Jemima Nicholas (also spelt Niclas; c. 1750 – July 1832), also known as Jemima Fawr, was a Welsh heroine during the 1797 Battle of Fishguard (commonly known as the last invasion of Britain).

Early life 
Jemima Nicholas was the daughter of William and Elinor Nicholas of Llanrhian, and was baptised in Mathry in 1755. She was a cobbler or a cobbler's wife.

The Battle of Fishguard 
In 1797, 1400 French troops, many of them drawn from prisons, sailed from Camaret and landed at  Llanwnda in Wales. Armed with a pitchfork, Nicholas led a group of women and rounded up twelve French soldiers who had been drinking, and held them captive inside a locked church overnight. The French surrendered shortly afterwards at the Royal Oak. She was awarded a lifetime pension for her efforts.

A Jemima Nicholas was also involved with rioting in Fishguard in 1824, though she was not convicted of any crime.

Legacy 
She died at the age of 82, in 1832. Her grave in Fishguard was marked with a plaque in 1897, on the occasion of the invasion's centennial. She is featured in the Last Invasion Tapestry commissioned by the Fishguard Arts Society for the 200th anniversary of the invasion. The 100 foot long tapestry is housed in its own gallery on the first floor of Fishguard Town Hall.  

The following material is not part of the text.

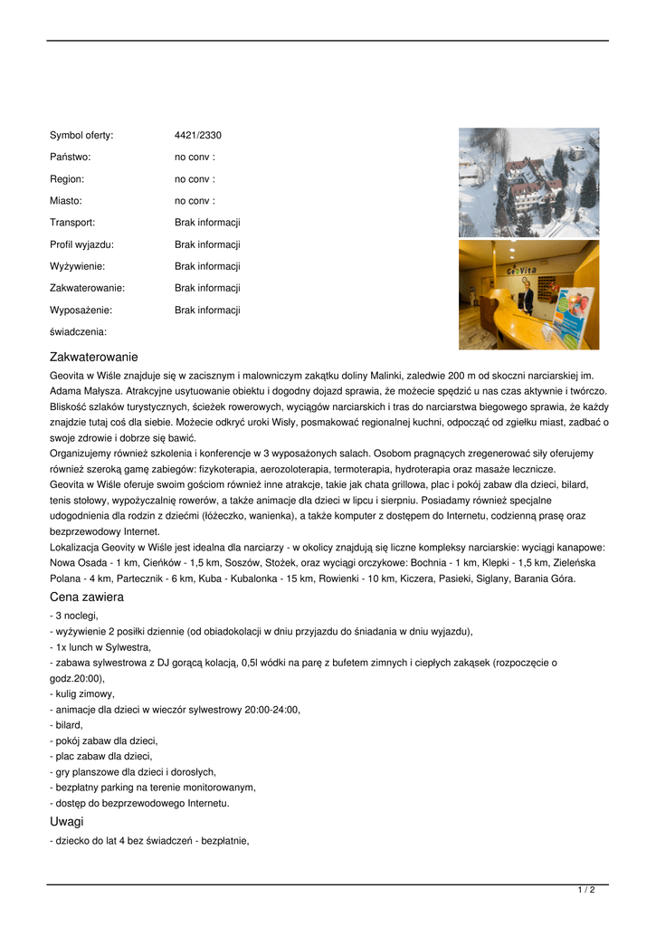 Symbol oferty: 4421/2330 Państwo: no conv : Region: no conv : Miasto: no conv : Transport: Brak informacji Profil wyjazdu: Brak informacji Wyżywienie: Brak informacji Zakwaterowanie: Brak informacji Wyposażenie: Brak informacji świadczenia: Zakwaterowanie Geovita w Wiśle znajduje się w zacisznym i malowniczym zakątku doliny Malinki, zaledwie 200 m od skoczni narciarskiej im. Adama Małysza. Atrakcyjne usytuowanie obiektu i dogodny dojazd sprawia, że możecie spędzić u nas czas aktywnie i twórczo. Bliskość szlaków turystycznych, ścieżek rowerowych, wyciągów narciarskich i tras do narciarstwa biegowego sprawia, że każdy znajdzie tutaj coś dla siebie. Możecie odkryć uroki Wisły, posmakować regionalnej kuchni, odpocząć od zgiełku miast, zadbać o swoje zdrowie i dobrze się bawić. Organizujemy również szkolenia i konferencje w 3 wyposażonych salach. Osobom pragnących zregenerować siły oferujemy również szeroką gamę zabiegów: fizykoterapia, aerozoloterapia, termoterapia, hydroterapia oraz masaże lecznicze. Geovita w Wiśle oferuje swoim gościom również inne atrakcje, takie jak chata grillowa, plac i pokój zabaw dla dzieci, bilard, tenis stołowy, wypożyczalnię rowerów, a także animacje dla dzieci w lipcu i sierpniu. Posiadamy również specjalne udogodnienia dla rodzin z dziećmi (łóżeczko, wanienka), a także komputer z dostępem do Internetu, codzienną prasę oraz bezprzewodowy Internet. Lokalizacja Geovity w Wiśle jest idealna dla narciarzy - w okolicy znajdują się liczne kompleksy narciarskie: wyciągi kanapowe: Nowa Osada - 1 km, Cieńków - 1,5 km, Soszów, Stożek, oraz wyciągi orczykowe: Bochnia - 1 km, Klepki - 1,5 km, Zieleńska Polana - 4 km, Partecznik - 6 km, Kuba - Kubalonka - 15 km, Rowienki - 10 km, Kiczera, Pasieki, Siglany, Barania Góra. Cena zawiera - 3 noclegi, - wyżywienie 2 posiłki dziennie (od obiadokolacji w dniu przyjazdu do śniadania w dniu wyjazdu), - 1x lunch w Sylwestra, - zabawa sylwestrowa z DJ gorącą kolacją, 0,5l wódki na parę z bufetem zimnych i ciepłych zakąsek (rozpoczęcie o godz.20:00), - kulig zimowy, - animacje dla dzieci w wieczór sylwestrowy 20:00-24:00, - bilard, - pokój zabaw dla dzieci, - plac zabaw dla dzieci, - gry planszowe dla dzieci i dorosłych, - bezpłatny parking na terenie monitorowanym, - dostęp do bezprzewodowego Internetu. Uwagi - dziecko do lat 4 bez świadczeń - bezpłatnie, 1/2 - opłata miejscowa dodatkowa płatna według lokalnego taryfikatora, - doba hotelowa od godz. 14.00 do godz. 12.00, - ośrodek nie przyjmuje Gości ze zwierzętami, - parking monitorowany, - bliskość kompleksów narciarskich. Atrakcje: - Skocznia narciarska im. A.Małysza w Wiśle, - Galeria trofeów Adama Małysza,(prywatne muzeum), - Muzeum narciarstwa, - Zamek Prezydenta Rzeczypospolitej Polskiej w Wiśle, - Muzeum Beskidzkie, - Pętla Cieńkowska (szlak), - Kolej krzesełkowa, - Do źródeł turysycznych (szlak), - Chata Jana Kawuloka w Istebnej, - Stary Zamek w Żywcu, - Park Zamkowy w Żywcu, - Kolej krzesełkowa Czantoria, - Park linowy, - Tor saneczkowy, - Wieża widokowa znajdująca się po czeskiej stronie Czantorii, - Leśny Park Niespodzianek, - Góra Zamkowa - Wieża Piastowska, - Rotunda Św. Mikołaja. TERMINY: CENNIK: Długość pobytu: dni Grupa cenowa: Waluta: PLN Aktualne ceny z systemu S.A.R.T. (-) - cena usługi, podatku kalkulowana przy osobie lub gratis (*) - kwota wliczona w cenę standardową 2/2

In 2019, a hat said to have belonged to Jemima Nicholas sold by one of her brother's descendants at a charity auction, for £5000. The buyer was a distant relative who lived in Australia.  

The town of Fishguard had an official Jemima Nicholas re-enactor, Yvonne Fox, until her death in 2010; A new Jemima, Jacqui Scarr, was named in 2013. 

A children's book about Nicholas, Jemima Nicholas: Heroine of the Fishguard Invasion by Sian Lewis, was published in 2012, as part of a series on Welsh women's history.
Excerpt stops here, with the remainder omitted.